== Task to complete ==
Write out, with no changes, every line starting at the one that contains "X 6 см индивидуальный" and ending at the last line of the data below. Leave pictures out.

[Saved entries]
----

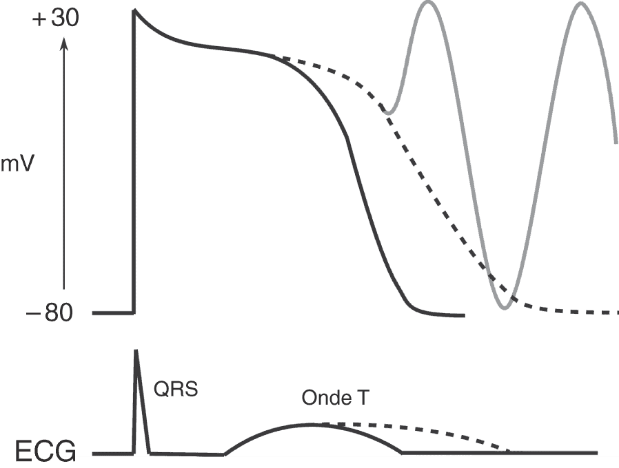 La conséquence de la baisse de l’activité de l’un des deux canaux potassiques repolarisants est un allongement du temps de repolarisation, donc du potentiel d’action cellulaire. Au niveau de l’ECG, la conséquence sera un allongement de l’espace QT. Le risque est la survenue de post-potentiels précoces (EAD) qui peuvent entraîner la survenue de torsades de pointes à l’origine de syncope ou de mort subite. INa : courant sodique dépolarisant ; Ito, IKr et IKs : courants potassiques repolarisants.
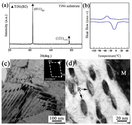 (a) XRD patterns of as-deposited Ti49.2Ni50.8; (b) DSC curve of as-deposited Ti49.2Ni50.8; (c) Bright-field TEM image showed that there were a significant amount of martensite lath in the sample; (d) Lenticular R phase is densely distributed around martensite.
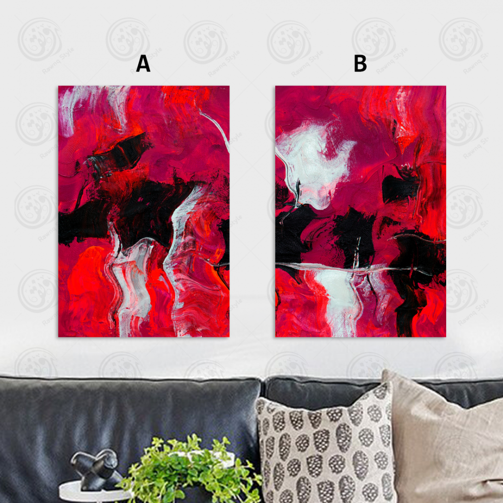 Abstract art paintings in red, black and white patterns - E2PR-20515
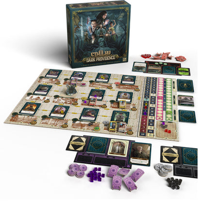 Cthulhu: Dark Providence es un juego de tablero competitivo en el que los jugadores se dividen secretamente en distintos bandos de un conflicto sobre el destino de una nación al borde de la ruina. Los jugadores utilizan su influencia para pujar por el derecho a reclamar bienes, tomar el control de ciudades y conspirar con poderosas entidades de los Mitos. Para mantener la cordura y el secreto, los jugadores realizan diversas acciones, como reclutar agentes, eliminar rivales, bloquear oponentes y sellar o proteger puertas a dimensiones ultraterrenas para avanzar en su agenda y ganar puntos. A pesar de estar divididos en bandos opuestos, ¡sólo el jugador con la mayor puntuación de la facción líder conseguirá la victoria y marcará el destino de la nación!
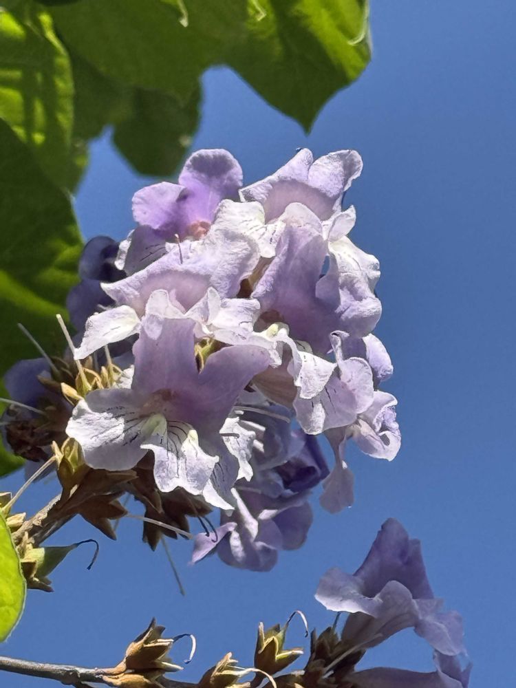 Paulownia tomentosa/Paulownia. Paulowniaceae. Lamiales. Magnoliopsida. Tracheophyta Commonly called/Princess tree. Empress tree *Named in hornor of Russian Princess Anna Pavlovna Native to/China. Korea Symbolism/Good fortune. Rebirth *known in Japan as “Kiri” it is used in the crests of the Toyotomi family and is currently the official emblem of the Japanese Prime Minister and go ernment. *Genus of 6 species of deciduous tree *Bright light green leaves, to 12in(30cm)long *Fragrant, pinkish lilac flowers,2in(5cm)long *Named after Anna Pavlona(1795-1865), Princess of Netherlands *The name ‘tomentosa’ is Latin for “hairy” or “covered in hairs”. Photographed 4/14 9:10am 2026 Posted 4/17(Friday) 11:48am 2026
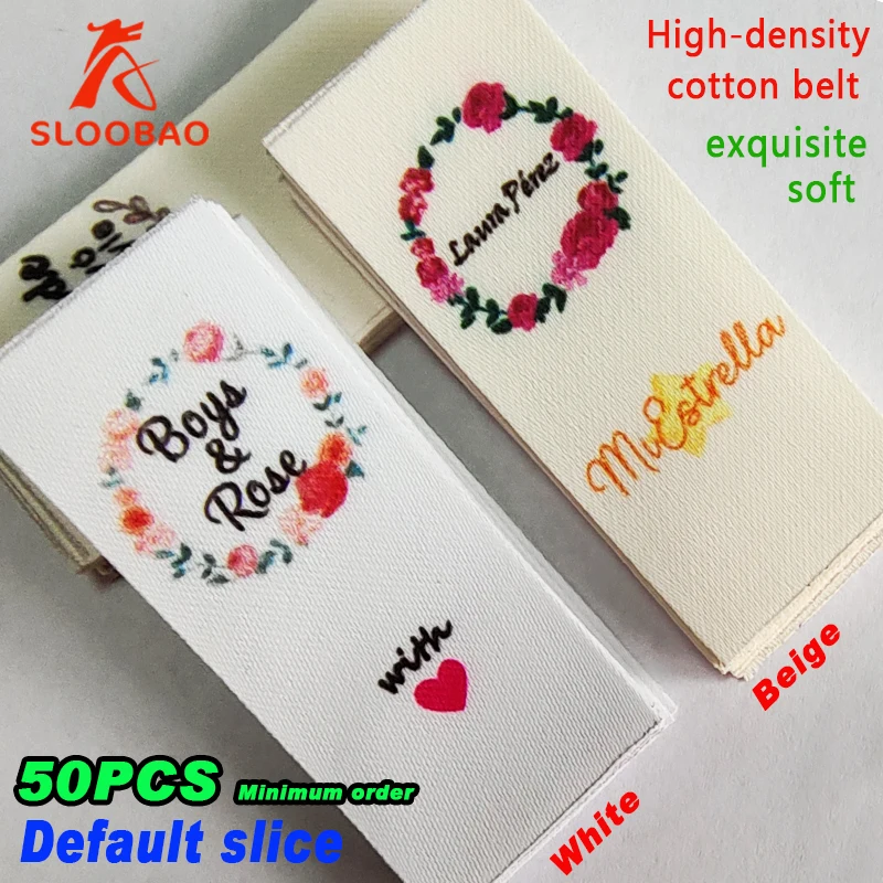 X 6 см индивидуальный логотип, персонализированная хлопковая этикетка, одежда, частная этикетка ручной работы, высокая плотность, хлопковая цветная печать, именные этикетки mqq50 шт.
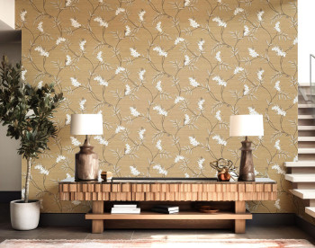 Luxuriöse braune Vliestapete mit Vinyloberfläche, weicher Stoffeffekt mit blühenden Zweigen in Braungold- und Weißtönen.
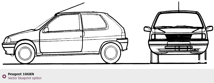 Raster blueprint of the Peugeot 106XN Hatchback. This free downloadable image can be used for graphic projects, digital design, and 3D modeling. The file provides accurate exterior proportions of the vehicle. Body type: Hatchback.
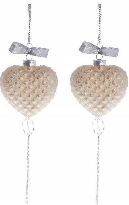 Kształt: Wyjątkowo dekorowane bańki na choinkę w kształcie serc z łańcuszkami i diamentami.
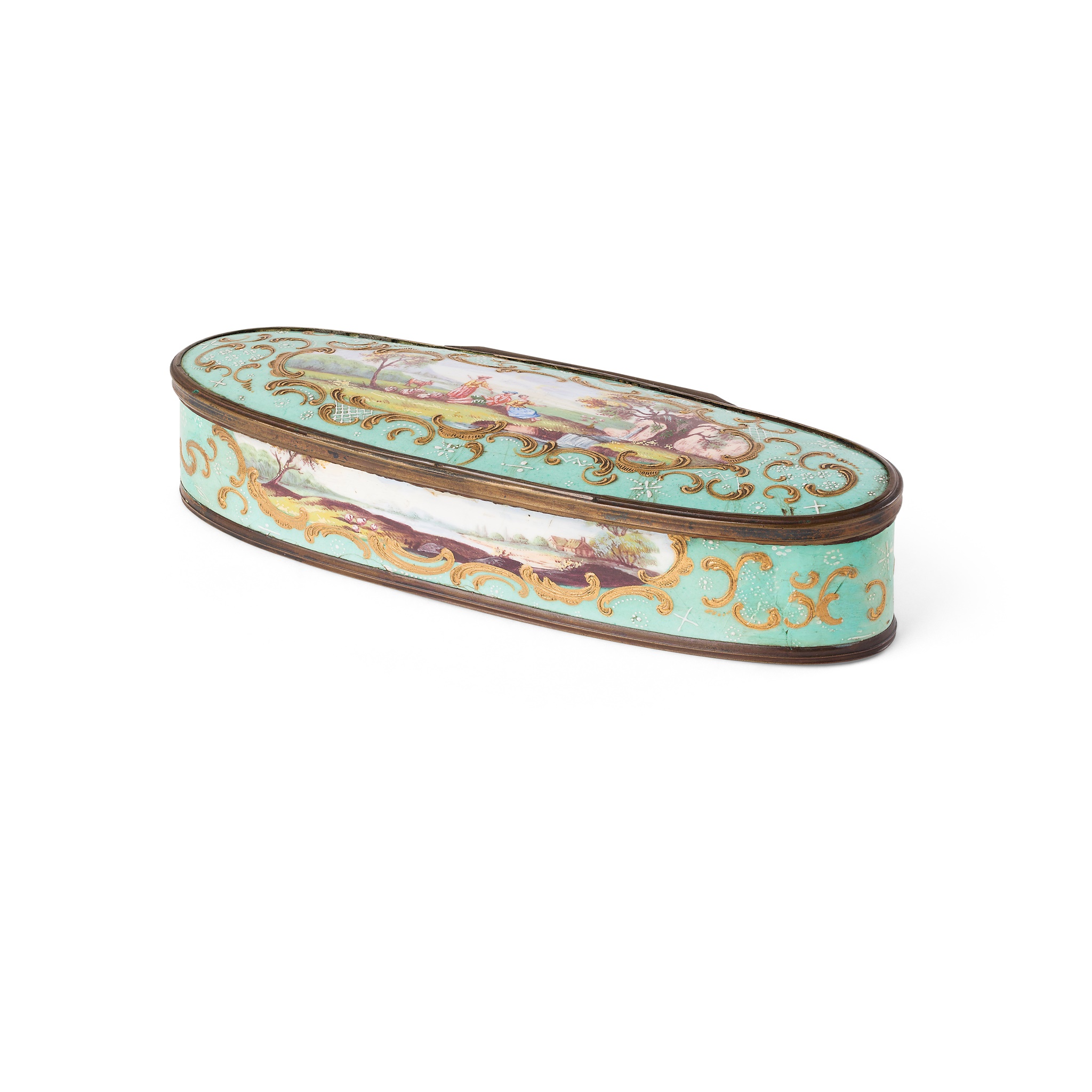 depicting figures in landscapes, on a green ground, with antique label to bottom 'Galleria Antiquaria, Torino'
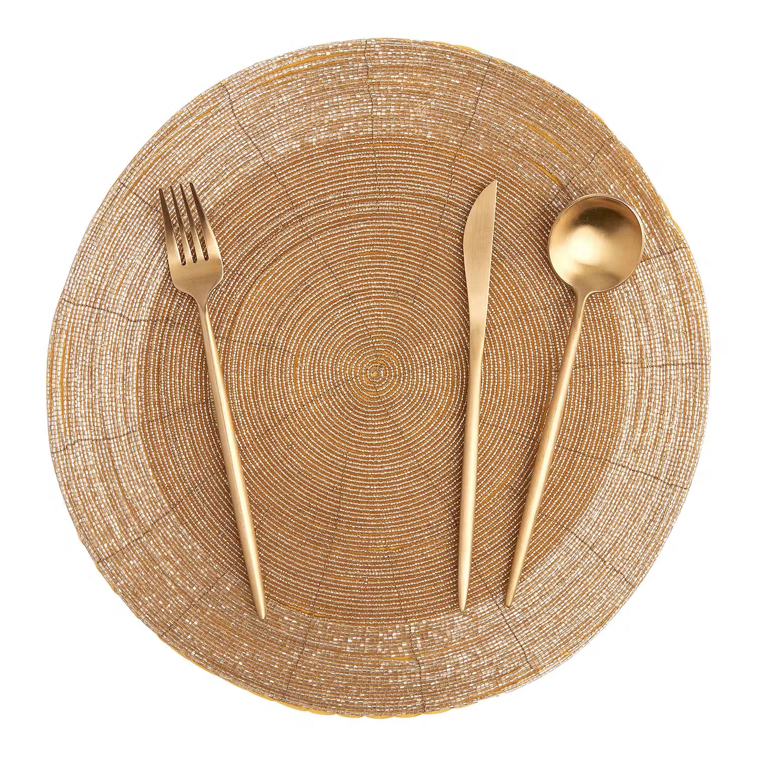Wow: Dieses Tischset ist auf der Vorderseite über und über mit hauchfeinen Glasperlenschnüren benäht. Um den schillernden und schimmernden Effekt noch zu verstärken, hebt sich am Rand eine etwa 5 cm breite Bordüre Ton in Ton ab. Tipp: Das Tischset kann als Highlight auf einer schlichten Tafel dekoriert werden, lässt sich aber auch mit anderen glänzenden oder farbenfrohen Elementen kombinieren. In verschiedenen Farben erhältlich.
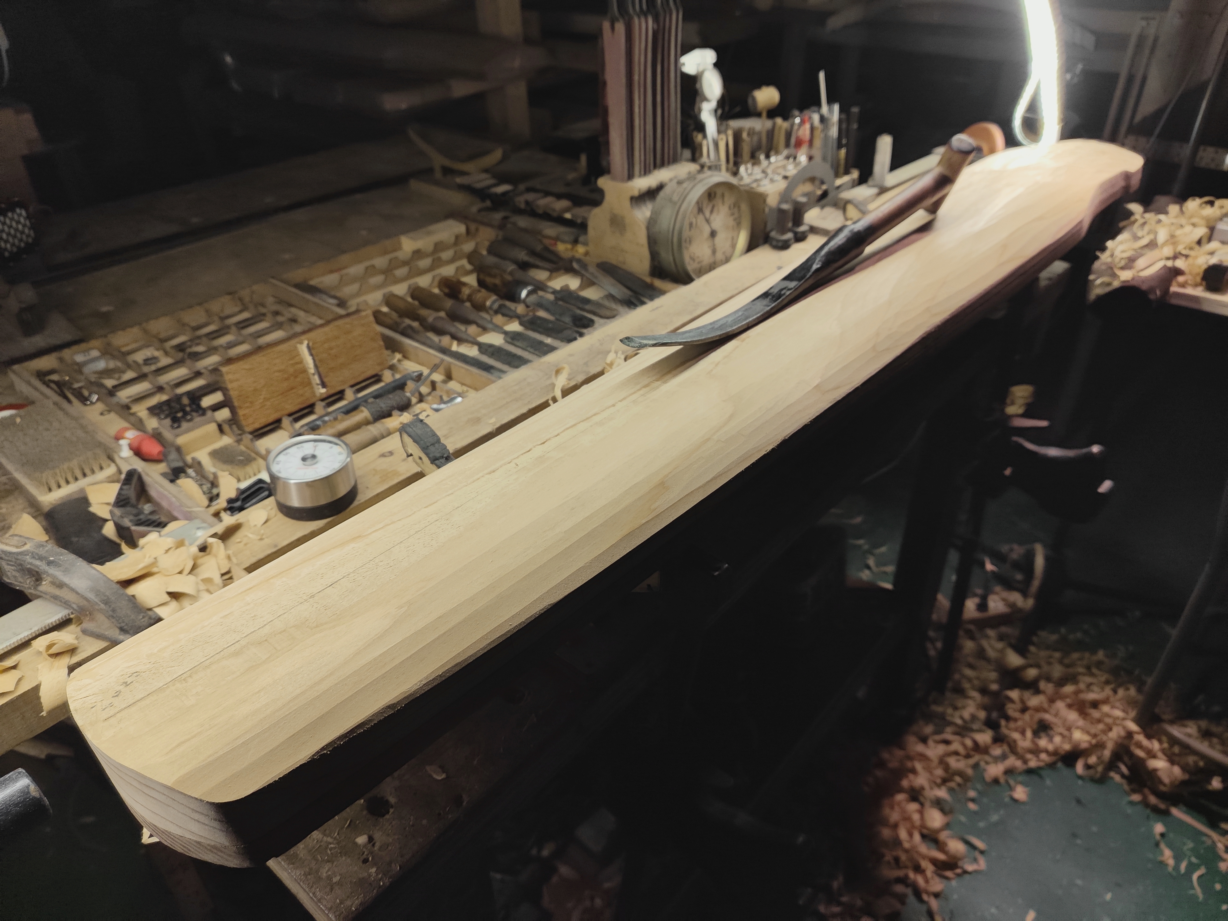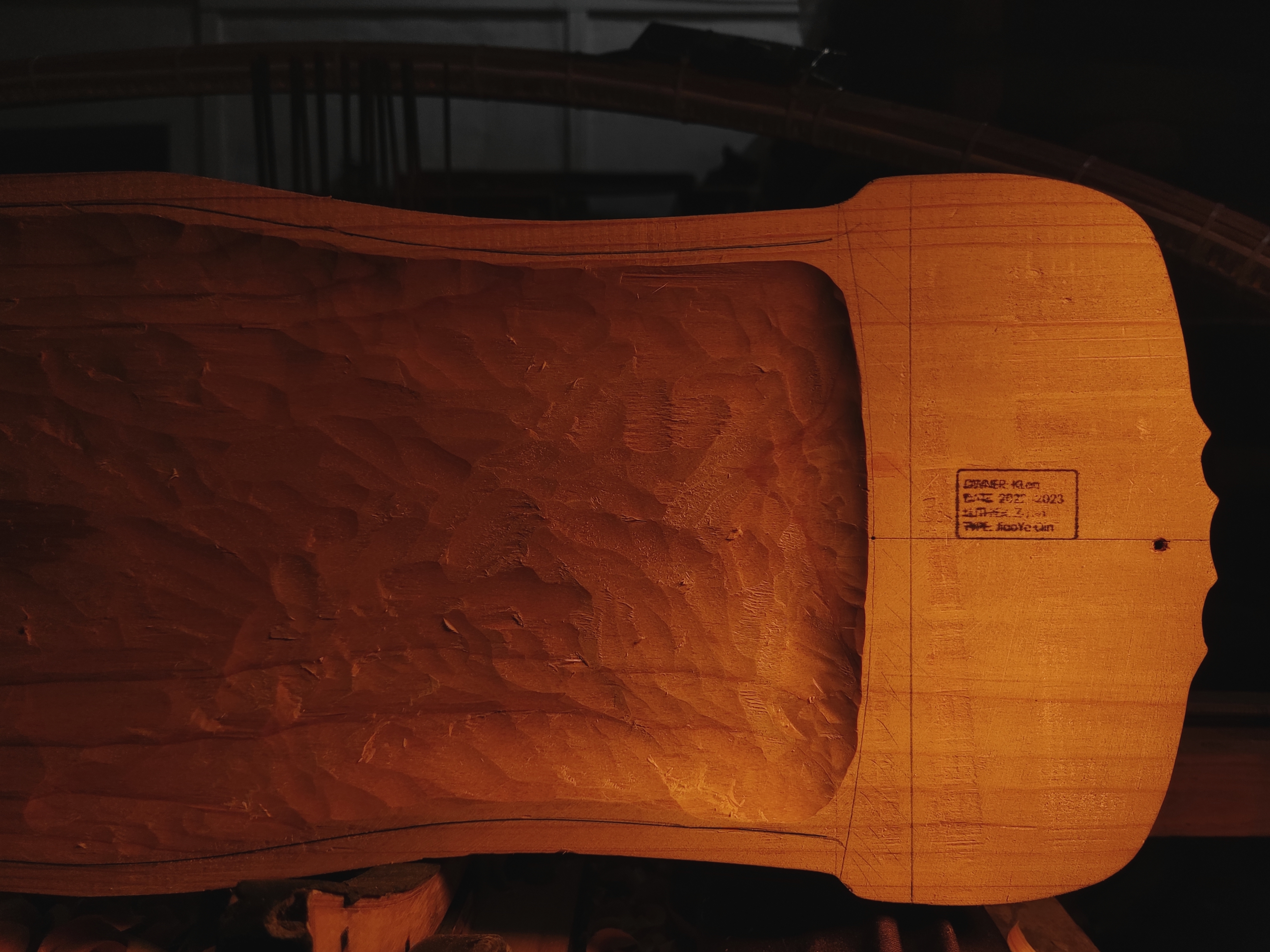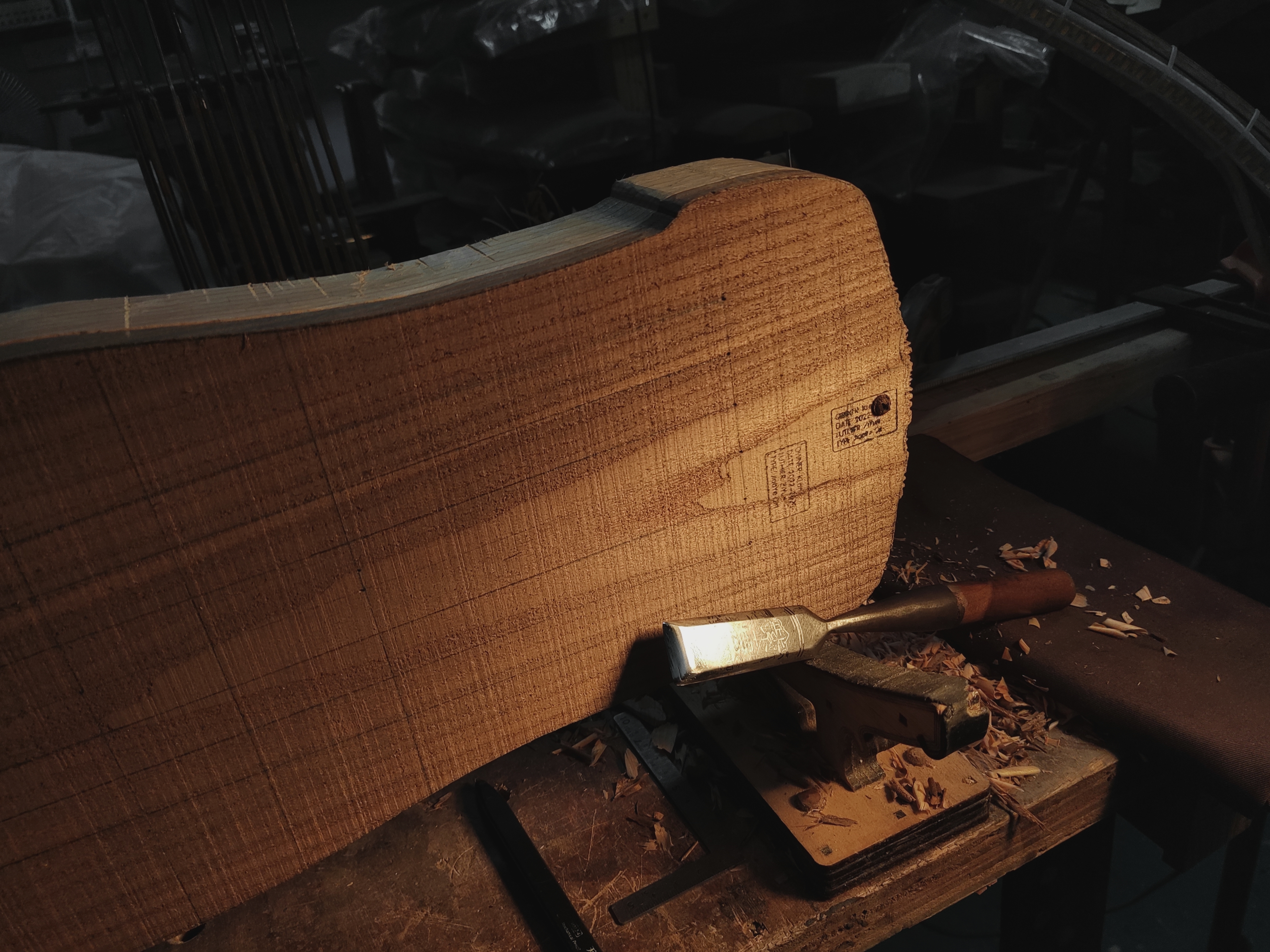 “萬丈高樓平地起”;古琴斲制亦是如此,在板材上勾勒輪廓是決定一張古琴外在形態的關鍵也更是對琴理解之基本功。歷經上下二千五百年的發展,尤其在內部結構佈局方面也至少擁有近兩千年之迭代與優化。

----

== Solved problem ==
 X 6 см индивидуальный логотип, персонализированная хлопковая этикетка, одежда, частная этикетка ручной работы, высокая плотность, хлопковая цветная печать, именные этикетки mqq50 шт.
 Luxuriöse braune Vliestapete mit Vinyloberfläche, weicher Stoffeffekt mit blühenden Zweigen in Braungold- und Weißtönen.
 Raster blueprint of the Peugeot 106XN Hatchback. This free downloadable image can be used for graphic projects, digital design, and 3D modeling. The file provides accurate exterior proportions of the vehicle. Body type: Hatchback.
 Kształt: Wyjątkowo dekorowane bańki na choinkę w kształcie serc z łańcuszkami i diamentami.
 depicting figures in landscapes, on a green ground, with antique label to bottom 'Galleria Antiquaria, Torino'
Wow: Dieses Tischset ist auf der Vorderseite über und über mit hauchfeinen Glasperlenschnüren benäht. Um den schillernden und schimmernden Effekt noch zu verstärken, hebt sich am Rand eine etwa 5 cm breite Bordüre Ton in Ton ab. Tipp: Das Tischset kann als Highlight auf einer schlichten Tafel dekoriert werden, lässt sich aber auch mit anderen glänzenden oder farbenfrohen Elementen kombinieren. In verschiedenen Farben erhältlich.
 “萬丈高樓平地起”;古琴斲制亦是如此,在板材上勾勒輪廓是決定一張古琴外在形態的關鍵也更是對琴理解之基本功。歷經上下二千五百年的發展,尤其在內部結構佈局方面也至少擁有近兩千年之迭代與優化。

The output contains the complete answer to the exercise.